Shes currentally at 5ft 9" (I think  @ 9 stone 2 (128lb)

Her goals are to tone up and gain some good muscle.

Paul


----------



## Lauren (Jan 20, 2005)

Okay, supplements wise - is perfect.

Is her diet good too???

Training wise - I would let her do the same exercises as you, but obviously not the same weight. LOL

She will be fine doing 10-12 reps on sets 1 & 2. Then on her last set she can go to failure on heavy weights.

I personally hate doing light weights, never get any benefits from them and I like to feel my muscles working and getting a pump.

I would also train legs on the same night, wouldn't bother splitting them up!

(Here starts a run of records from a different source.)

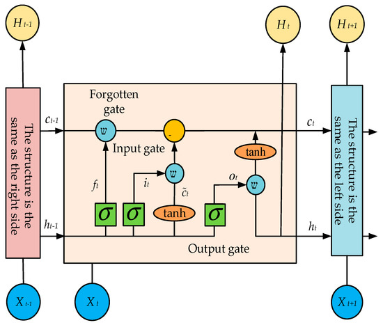 Equation (2) controls the “forgotten” information of the current neuron from the previous neuron, implemented by the Sigmoid layer known as the “forgotten gate”, σ , which is an activate function known as a Sigmoid function. W f , b f are the weights and thresholds of the forgotten gate, respectively. The forgotten gate works by reading the last neuron’s output, h t 1 , and the current neuron’s input, X t , entering a value between 0–1 and multiplying with the previous cell state c t 1 . If the output is 1 multiplied by c t 1 , representing the previous cell state information, this is a “memory neural network”. If the output is 0 and multiplied by c t 1 to represent the previous cell state information, this is completely “forgetting”. In this way, the long-term memory of the network model is guaranteed. Equations (3) and (4) together control the input of cells. Equation (3) is implemented by the Sigmoid layer called the “input gate”. After the input gate reads the output h t 1 of the previous neuron and the current neuron input X t , it outputs a quantity of 0–1, i t . In Equation (4), a new candidate vector c ˜ t created by a layer tanh can obtain the current cell state c t of Equation (5) through c t 1 , f i , i t . W i , W c are the weight matrix of the input gate and the candidate value, respectively; b i , b c are the corresponding bias values.
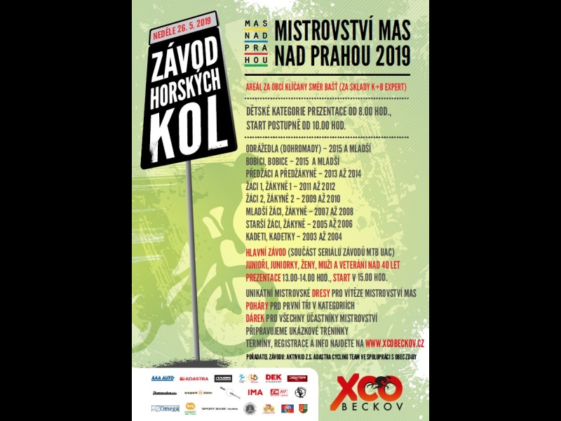 Zveme Vás na Závod horských kol - Mistrovství MAS Nad Prahou 2019, který proběhne v neděli 26.května v areálu za obcí Klíčany směr Bašť (za sklady K+B Expert). Dětské kategorie prezentace od 8 hodin, start postupně od 10 hodin. termíny, registrace a info najdete na www.xcobeckov.cz.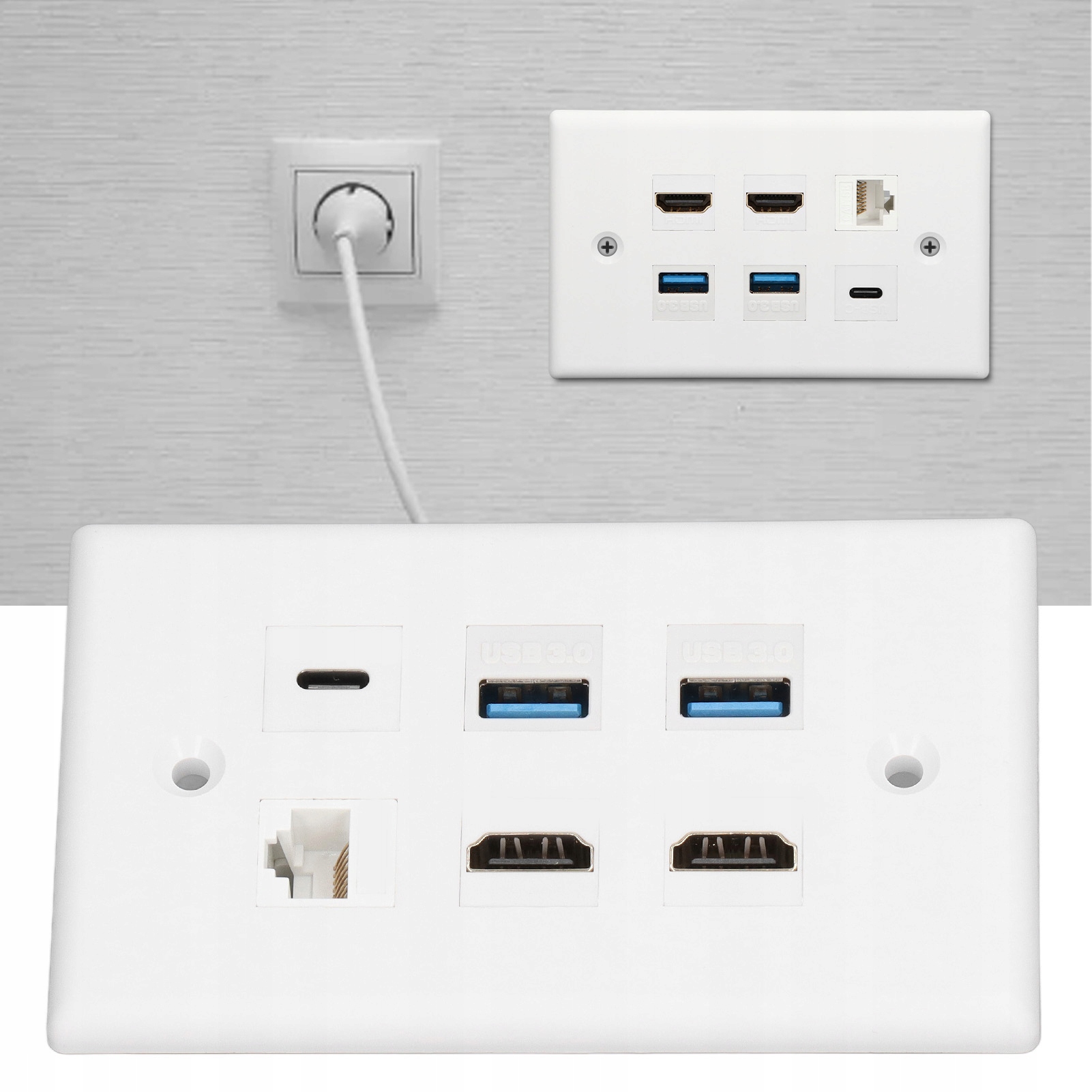 2. 6 портов: эта настенная панель с 6 портами обеспечивает 2 мультимедийных интерфейса HD: 1 Cat 6, 2 USB3.0, 1 USB C.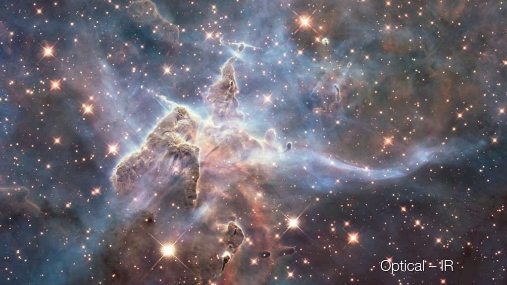 A set of Hubble images released in 2018 show what it looks like in optical light (the light we see with our eyes), and in near-infrared light, which can cut through dust in the pillars to see new stars.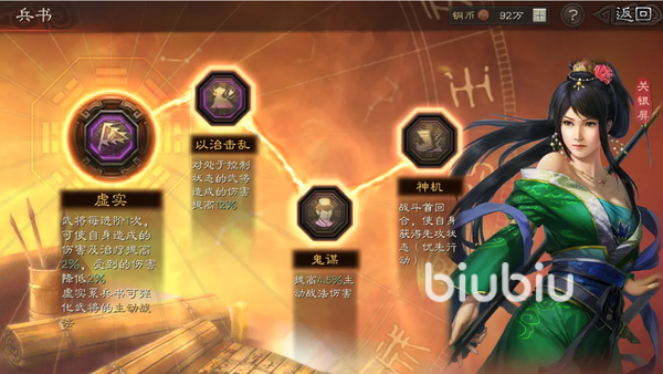 關(guān)銀屏:二十級前帶橫掃,打出高額的AOE傷害。二十級后帶據(jù)水。關(guān)銀屏發(fā)動率還是很高的,因此輸出非常穩(wěn)定,但加點需要加速度,保證能夠先手打出虎嗔效果,這樣才能配合樂進打出震懾效果。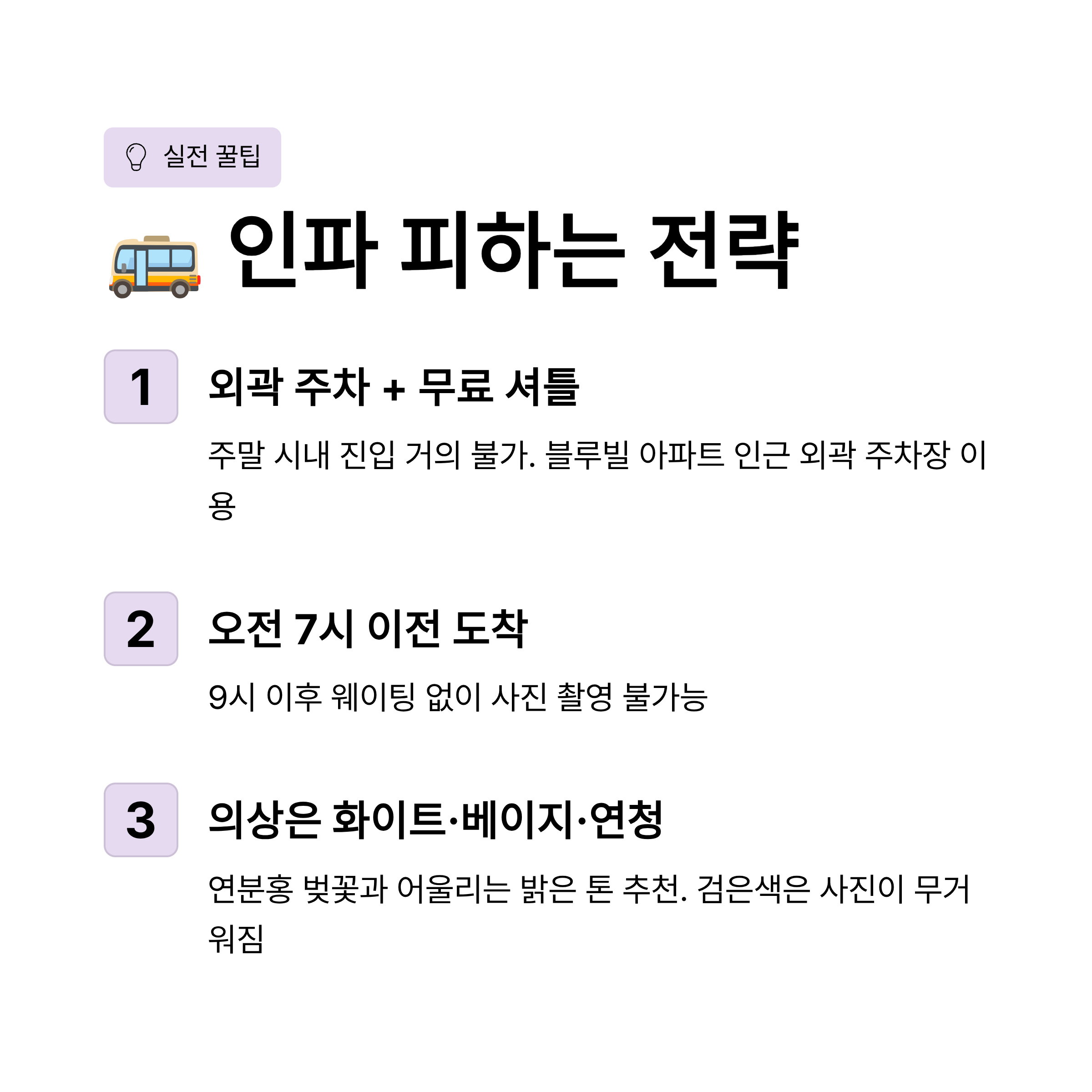 - 의상 추천: 벚꽃의 연분홍색을 살려주는 화이트, 베이지, 연청(데님) 계열의 옷을 추천합니다. 검은색 옷은 자칫 사진을 무겁게 만들 수 있습니다.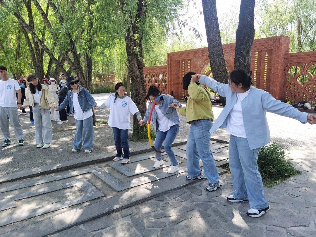 活動當(dāng)日清晨,參與活動的青年們準(zhǔn)時登上大巴車,一路歡聲笑語駛向風(fēng)景秀麗的萬泉湖。 抵 達目的地后,一場充滿趣味的“猜猜我是誰”破冰游戲迅速點燃現(xiàn)場氣氛。青年們手拉手圍成圓圈,隨著音樂節(jié)奏傳遞呼啦圈,全程不能用手觸碰,在緊張又歡樂的互動中,大家迅速打破陌生感。熱身結(jié)束后的自我介紹環(huán)節(jié),讓彼此有了初步的認(rèn)識與了解。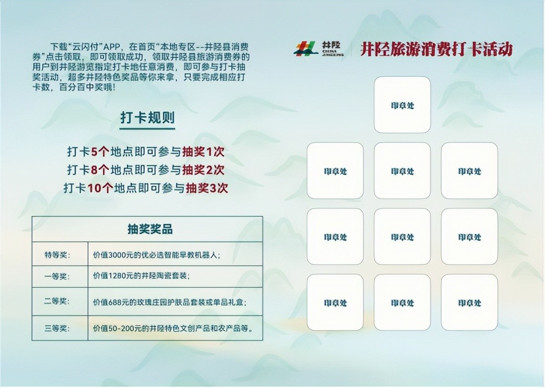 除享受旅游消费优惠外,领取文旅消费券的用户,到井陉游览指定打卡地,并任意消费,即可参与打卡抽奖活动(可在指定打卡地领取打卡护照),超多井陉特色奖品等你来拿,只要完成相应打卡数,百分百中奖哦!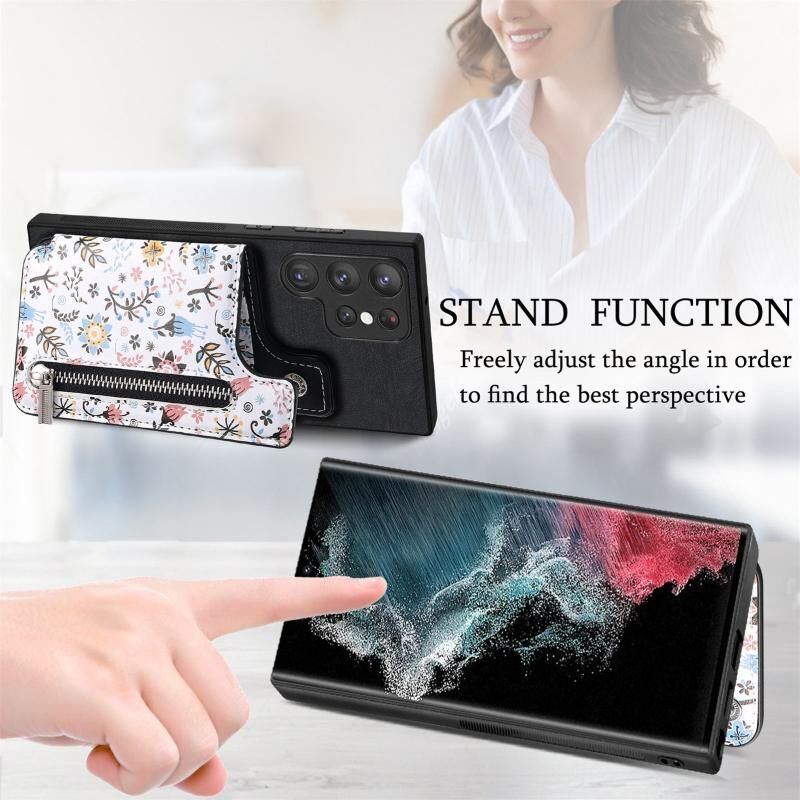 Για Samsung Galaxy S22 Ultra 5G ρετρό ζωγραφισμένο φερμουάρ πορτοφόλι πίσω τηλέφωνο υπόθεση (μαύρο)

But thats just my opinion!

Good luck to her.


----------



## Kel (Jan 24, 2005)

Lauren said:


> Okay, supplements wise - is perfect.
> 
> Is her diet good too???
> 
> ...


I would agree 100% with Lauren and drop the reps i cant stand light weights either.


----------



## Great White (Apr 4, 2003)

Lauren said:


> Training wise - I would let her do the same exercises as you, but obviously not the same weight. LOL


I suppose I could always ask Robdog to come and train with her, at least then, they dont need to keep changing the weights between sets  :bounce:


----------



## Great White (Apr 4, 2003)

Seriously -

Thanks for the info, both of you.

I`ll write out a full plan for her later and post it up.

If you wouldnt mind, you can comment on it then  

Thanks

PAul


----------